Rebiennale second life

Auburn University Rural Studio extends local, long-term architectural approach to installation at 2016 Venice Biennale

Hanging spring-coil beds, insulation panels stacked as benches, and a handful of projected video stories make up “The Theater of the useFULL,” Rural Studio’s installation at the Venice Biennale, where they are the only US representatives invited to the international exhibition by curator Alejandro Aravena. The materials were selected for their usefulness to two Venetian organizations, to whom they’ll be delivered following the exhibition’s six-month run. The installation abides by Rural Studio’s philosophy for exhibitions – throw nothing away once finished – and extends the approach to projects back at their home base of Hale County, Alabama – consider not what can be done, but what should be done.

One of the organizations is Assemblea Sociale per la Casa. In guerrilla fashion, they squat in and renovate vacant social housing that has been neglected by the state. Since 2012 and, ironically, now supported by the local authority, they’ve renovated forty houses that are handed off to families in need. The other organization is Cooperativa Caracol, made up of volunteers who in the cold winter months pick up homeless individuals from the streets of Venice, give them a bed for the night, a shower, and a breakfast at their Center. Each organization provided a list of materials to which Rural studio could allocate its resources from the Biennale, diverting the supplies in the short-term to create the Theater.

Inside, stories of Rural Studio’s battles are told in a handful of short projected videos created by NYC-based filmmakers Claire Dub and Randy Rubin. To the soulful croon of a guitar straight from an Alabamian front porch, and through twenty-three years worth of stunning photography by Timothy Hursley, it’s easy to see that Rural Studio’s buildings are beautiful.  Yet what is ultimately communicated is that they were created to fill desperate holes in the community.

Hale is one of the poorest counties in the United States. The projects Rural Studio students design and build respond to its needs: a fire station responds to high home insurance rates, a Boys and Girls Club targets after-school crime, and a product line of affordable, well-crafted and locally-sourced homes address the region’s reliance on mobile homes that depreciate quickly and profit only an outside economy.

Based in Hale County, Alabama for 23 years, Rural Studio asserts that understanding the needs of the community and the appropriate architectural response is only possible by building relationships and learning from within the place.
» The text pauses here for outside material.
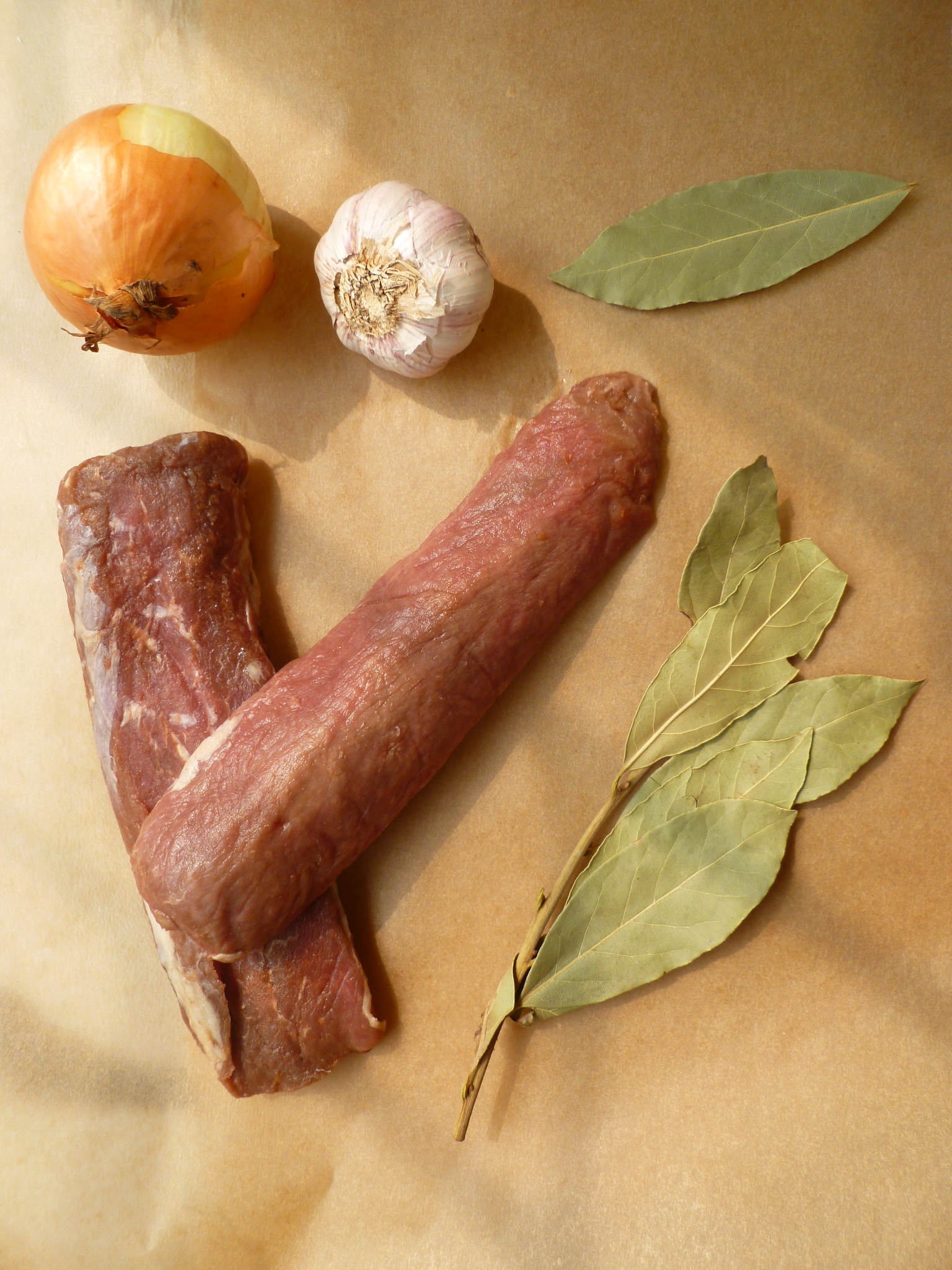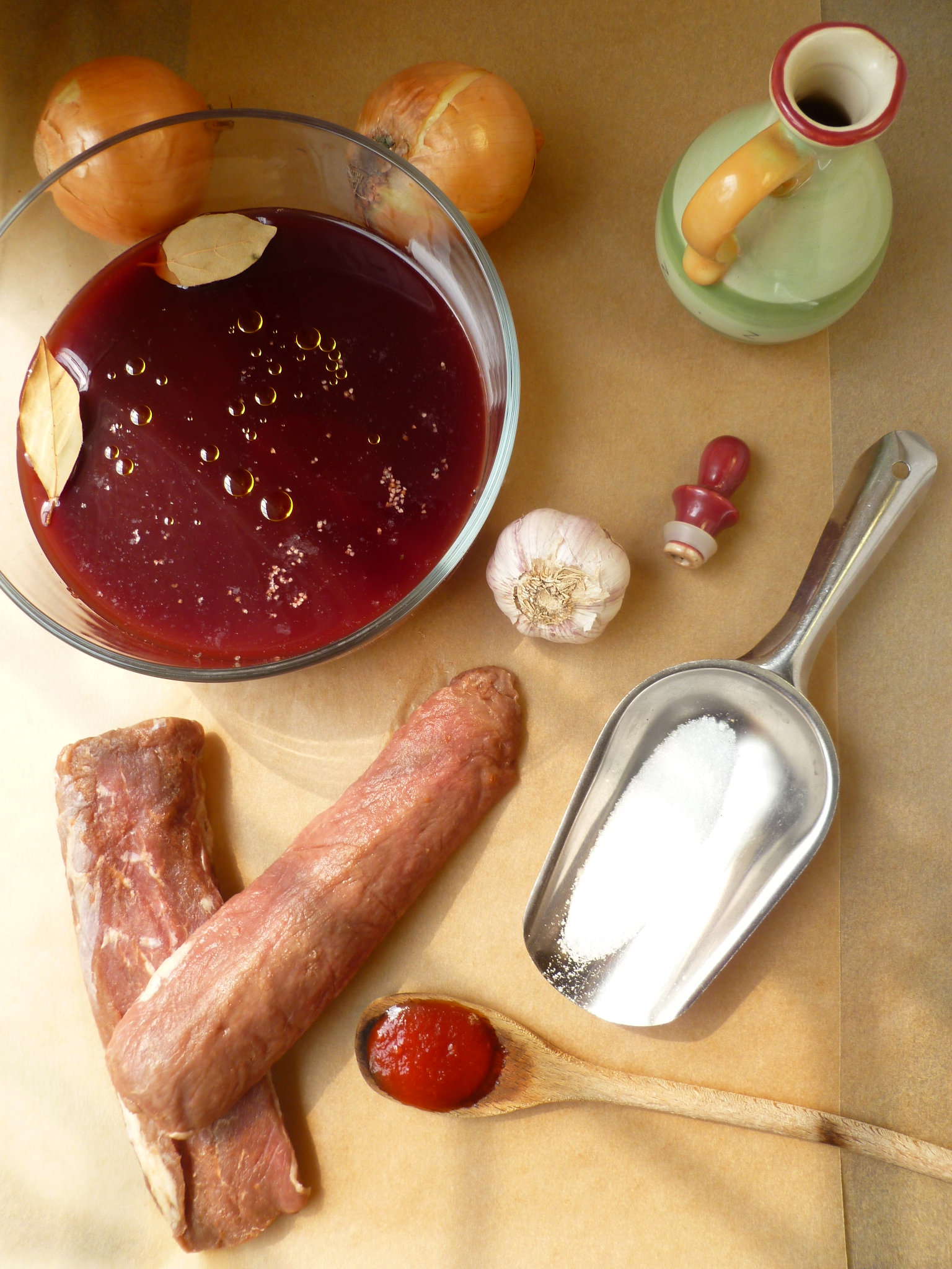 1. Mix together the marinade ingredients: the chili sauce, red wine vinegar, olive oil, beef bouillion, sugar, salt, black pepper, bay leaves, onion, garlic and rosemary. Pour the marinade into an earthenware or glass casserole or a ziplock plastic bag large enough to hold the loins of lamb, add the lamb and marinate it for up to two days in the refrigerator.

Their practical designs take cues from the architectural vernacular of Alabama such as barns and the Antebellum house, utilize local materials such as cyprus, embrace the cultural importance of elements such as the front porch, and adopt age-old local strategies of natural heating and cooling to offset operating costs for locals, to whom the buildings are given.

The Rural Studio faculty team who designed and built the installation were admittedly less familiar with Venice, and also weary of participating in an event that can prioritize international over local interests. So they turned to locals who could help, and who Rural Studio could, in turn, help fight the battles for Venice.